Dansereau states that she wants to be certain that the town does not take on more financial stress that it can handle. “Apparently, there are people who believe that making sure that this doesn’t happen by doing our fiscal homework and remaining accountable to the community is somehow an adversarial role to the project. This is absolutely untrue, which is why I stated there are not two opposing views regarding the desire to see this project become a reality. We have an obligation to be completely informed of the costs involved regarding any project we pursue on behalf of our constituents, and the financial details involved in construction and operation. Why some believe this constitutes an adversarial position to the project, I have no idea.”
There are those who question the exact amount of the tax increase, with different amounts being bandied about on blogs and social media as costing homeowners anywhere from $150 to close to $500 per year. An unnamed source told LocalSource that he believes that the project will cost far more than the amount being reported, but Holley dismissed the naysayer. “I find it funny that now I’m hearing these objections when they haven’t even sat down with me and talked to me about it,” said Holley.
According to Holley, a tax increase of $312 per year on a house assessed at $119,000 is the rate that Roselle residents can expect.
One blog denouncing the project criticized the UCIA and what they see as increasing costs to residents. “Union County Improvement Authority has approved two bond sales totaling nearly $50 million for construction of a borough community fitness center and school facility,” read the site. “Authority board members approved the sale of $30 million in bonds for the community center and approved a separate $19.5 million bond sale for an Early Learning Center for kindergarten and pre-K classes. Through June 3, 2015 the UCIA has already expended $21,949 on this project and it will likely be another million-dollar-plus payday … The Local Finance Board is rightly worried about these exorbitant fees that Improvement Authority vendors are raking in.”
Holley maintains that those who oppose the plan are not making themselves aware of the numbers. “All these folks don’t know what they’re talking about,” said Holley. “They don’t include our plan for revenue from the borough, so of course it’ll seem that taxes are higher.

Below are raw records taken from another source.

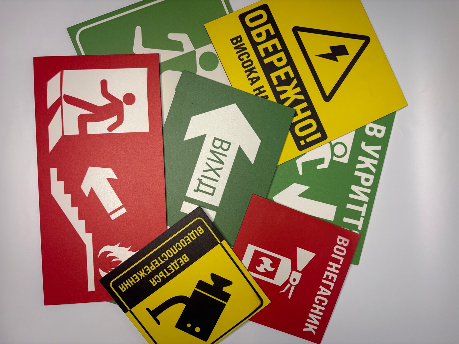 Завдяки чіткому друку та контрастному дизайну такі таблички добре помітні здалеку й допомагають орієнтуватися у приміщеннях чи на території. Можливе виготовлення в різних розмірах, кольорах та стилях.
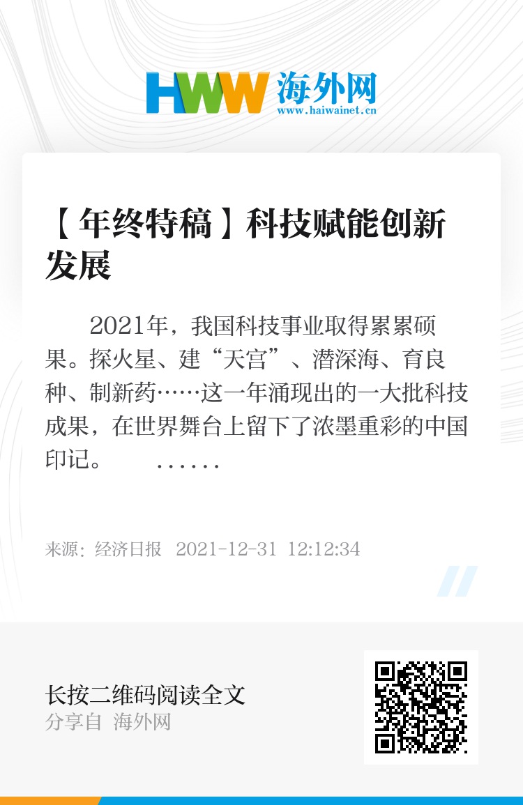 科技惠民利民,科技赋能增效。回顾2021年,科技创新驱动着我国经济的高质量发展;展望2022年,科技创新将支撑我国继续向第二个百年奋斗目标进军!(经济日报-中国经济网记者 佘惠敏)
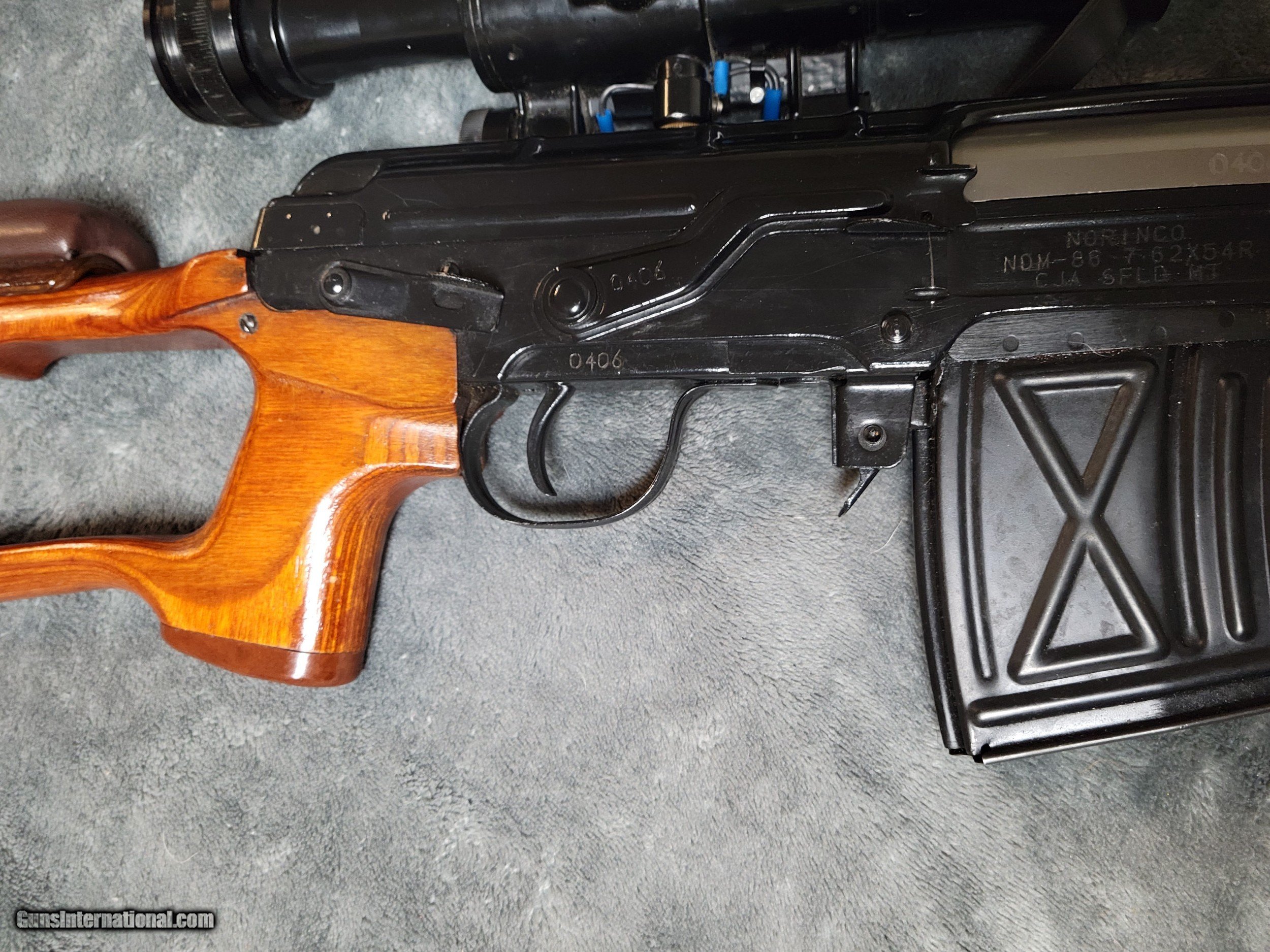 Description: ON HOLD PENDING RECEIPT OF FFL AND PAYMENT. Consigned. THIS PRE BAN NORINCO NDM-86 DRAGUNOV IN 7.62X54R IS IN EXCELLENT CONDITION, retaining 98 percent of its finish possibly unfired, T if fired it has not been fired much. It was imported by CJA SFLD M.T. It includes 4x / ir scope serial number 900575( matches number on buttstock), the carryingcase for the scope has 900053 on it for its serial number. Also included is a bayonet. For more Info Call after 6 pm eastern, I am not available to receive calls before then, due to my day job or when I am manufacturing custom guns and gunstocks. I have been in the collectible firearm business for almost 15 years, was the Gun Library Manager at the Dundee Cabelas prior to the bass pro merger, I currently work at another local shop where I trade in fine guns as well. I incorporated 2 years ago to manufacture gunstocks, as well as trade in fine guns. 517 306 7859 Or email will.bohmmanitoucustomguns. com Leave off the space on the dot com SOLD Rifle Caliber: 7.62x54mmR Manufacturer: Norinco Model: NDM-86 Dragunov Serial Number: 0406 Condition: Excellent Possibly unfired Metal Condition: Excellent Wood Condition: Excellent Bore Condition: Excellent Barrels: 24.4 Action: Semi auto Stock: Dragunov type thumbhole Item Location: 49253 |
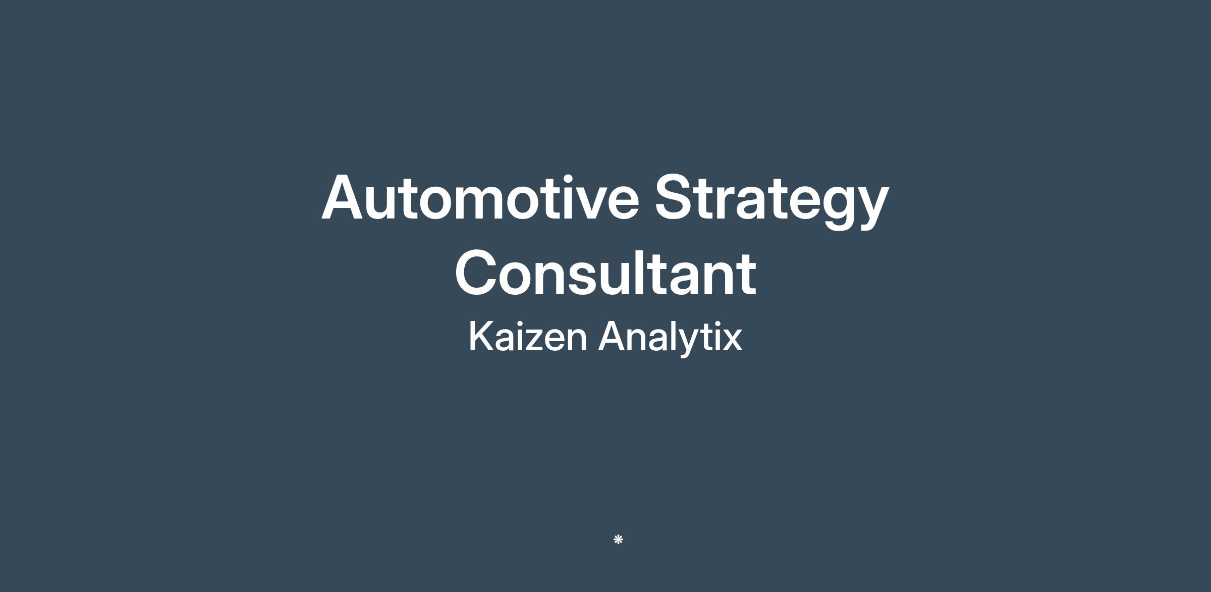 - Conduct rigorous market research and industry analyses to identify emerging trends, risks, and opportunities within automotive.
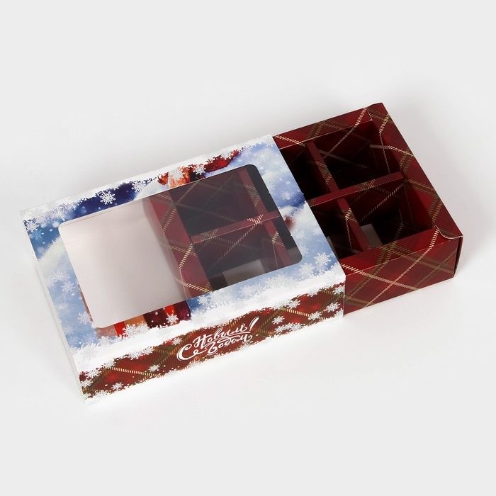 Коробка под 6 конфет "Новогодняя" размером 13,7 х 9,8 х 3,8 см - это прекрасный выбор для упаковки сладостей к празднику. Она выполнена в ярких новогодних цветах, что создает атмосферу праздника и волшебства.
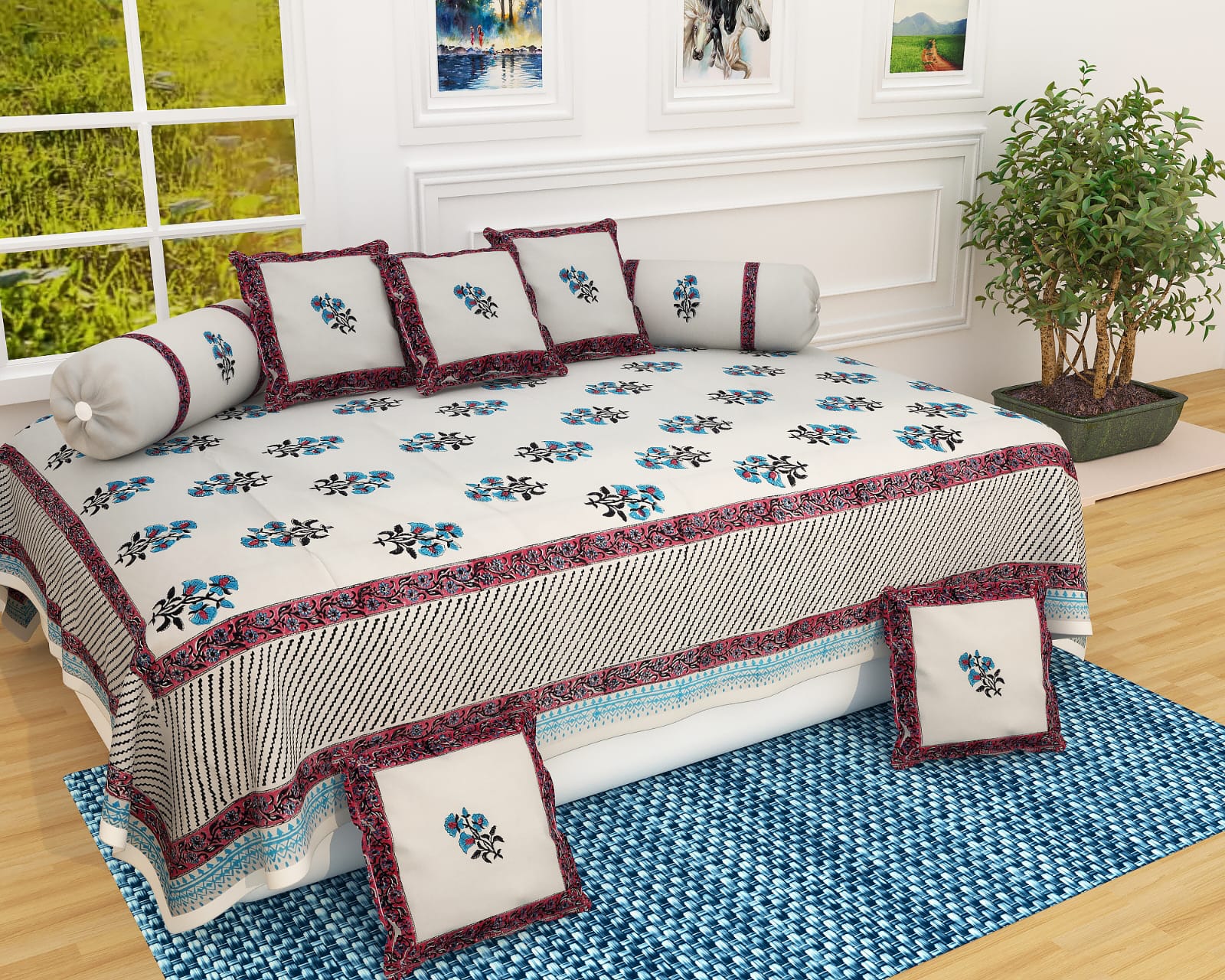 Jaipur Hand Block Printed Pure Cotton Diwan Set

I have every confidence that Roselle can afford this.”
Holley points out that other county municipalities, such as Linden, have recently constructed three new firehouses and a library. “So what’s the difference here?” asked Holley of the project.
Mike Hanley, of NW Financial, LLC, a consultant working with the borough, told LocalSource that residents seem enthusiastic about the project. “The feedback from residents during the hearings were that everyone is already paying a lot in taxes, but if you are already paying high taxes, you want high quality of service,” Hanley said in a phone call. “You’re creating this very nice amenity, so people have been saying, ‘We’re already paying a lot, so we’d rather pay a lot and have very good amenities than pay a little less for a lot less.’”
Holley maintains that this is a very personal project to him, as well, as he wants all children in the community — including his own — to reap what he believes are the benefits of the project. “Kids today are a different type of kid,” said Holley. “They need a different kind of structure. They need somewhere to go, a destination in town that’s a safe haven. The community has supported this. I know the kind of work the town and professionals have put into this. These are the kinds of things that should be happening in local government. We’ve spent several years working on this through blood, sweat, and tears.”